# DATASET CONTENT
+-------+

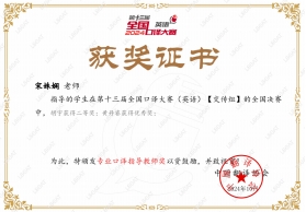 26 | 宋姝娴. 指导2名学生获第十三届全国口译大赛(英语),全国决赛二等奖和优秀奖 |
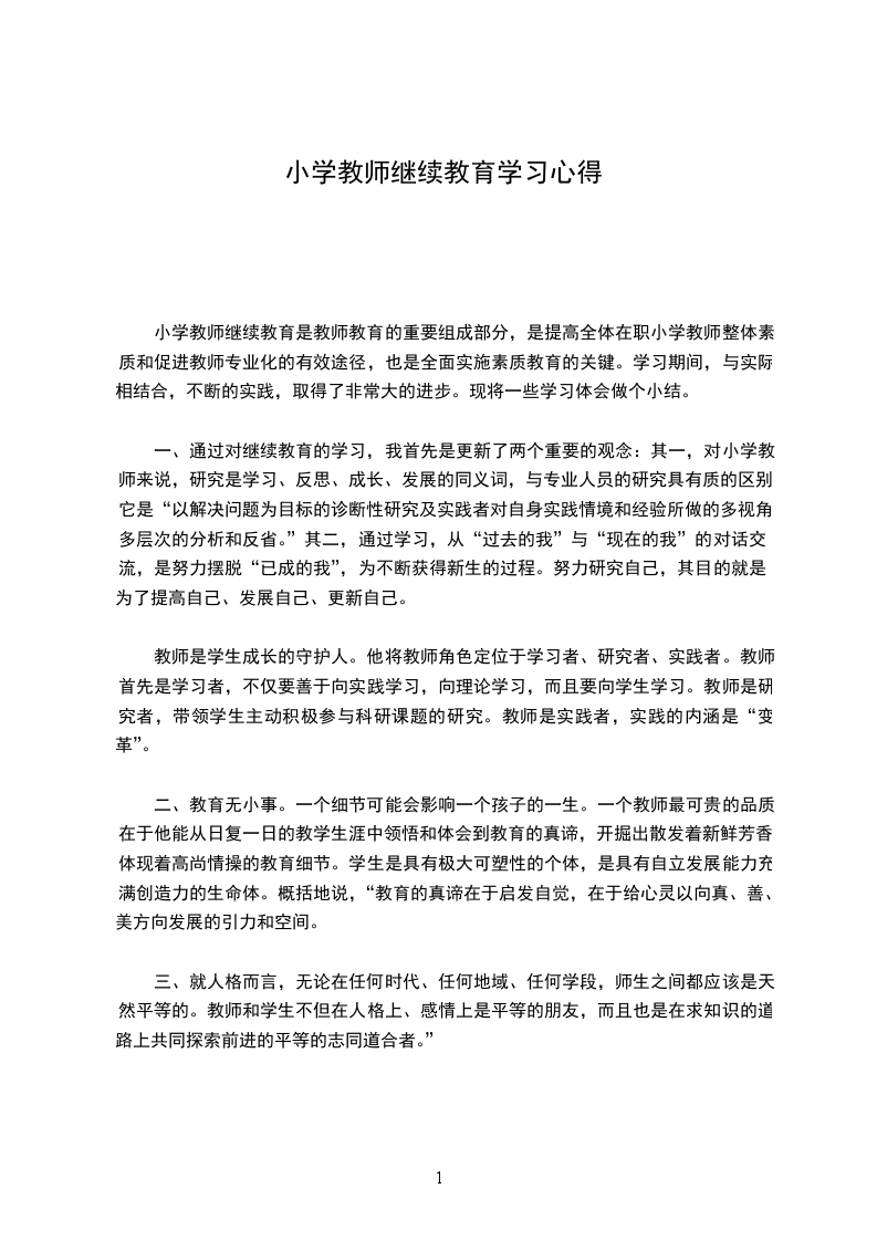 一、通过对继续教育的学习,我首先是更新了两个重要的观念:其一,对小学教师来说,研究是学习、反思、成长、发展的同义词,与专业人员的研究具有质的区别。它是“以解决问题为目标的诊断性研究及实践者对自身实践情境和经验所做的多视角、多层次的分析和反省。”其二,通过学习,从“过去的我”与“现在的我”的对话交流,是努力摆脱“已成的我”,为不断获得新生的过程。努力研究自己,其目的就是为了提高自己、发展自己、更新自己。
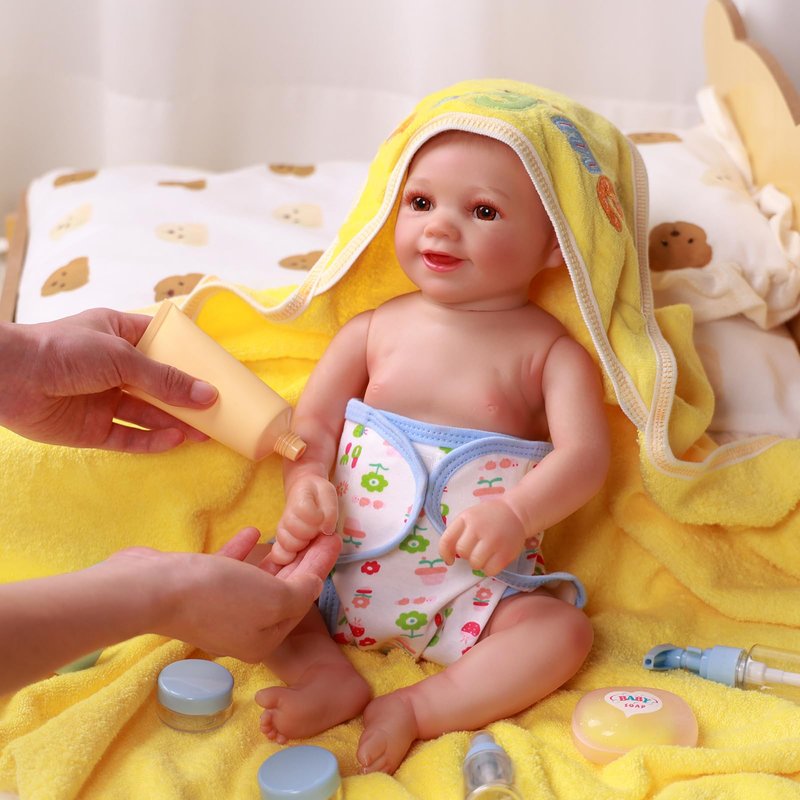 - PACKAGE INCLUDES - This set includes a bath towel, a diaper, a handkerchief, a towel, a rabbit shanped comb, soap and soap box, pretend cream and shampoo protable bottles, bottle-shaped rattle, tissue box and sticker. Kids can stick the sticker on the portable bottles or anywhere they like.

+-------+

# EXERCISE PROMPT
Your answer must be an exact copy of the listing, minus its pictures.

# REPLY TO THE TASK
 26 | 宋姝娴. 指导2名学生获第十三届全国口译大赛(英语),全国决赛二等奖和优秀奖 |
 一、通过对继续教育的学习,我首先是更新了两个重要的观念:其一,对小学教师来说,研究是学习、反思、成长、发展的同义词,与专业人员的研究具有质的区别。它是“以解决问题为目标的诊断性研究及实践者对自身实践情境和经验所做的多视角、多层次的分析和反省。”其二,通过学习,从“过去的我”与“现在的我”的对话交流,是努力摆脱“已成的我”,为不断获得新生的过程。努力研究自己,其目的就是为了提高自己、发展自己、更新自己。
 - PACKAGE INCLUDES - This set includes a bath towel, a diaper, a handkerchief, a towel, a rabbit shanped comb, soap and soap box, pretend cream and shampoo protable bottles, bottle-shaped rattle, tissue box and sticker. Kids can stick the sticker on the portable bottles or anywhere they like.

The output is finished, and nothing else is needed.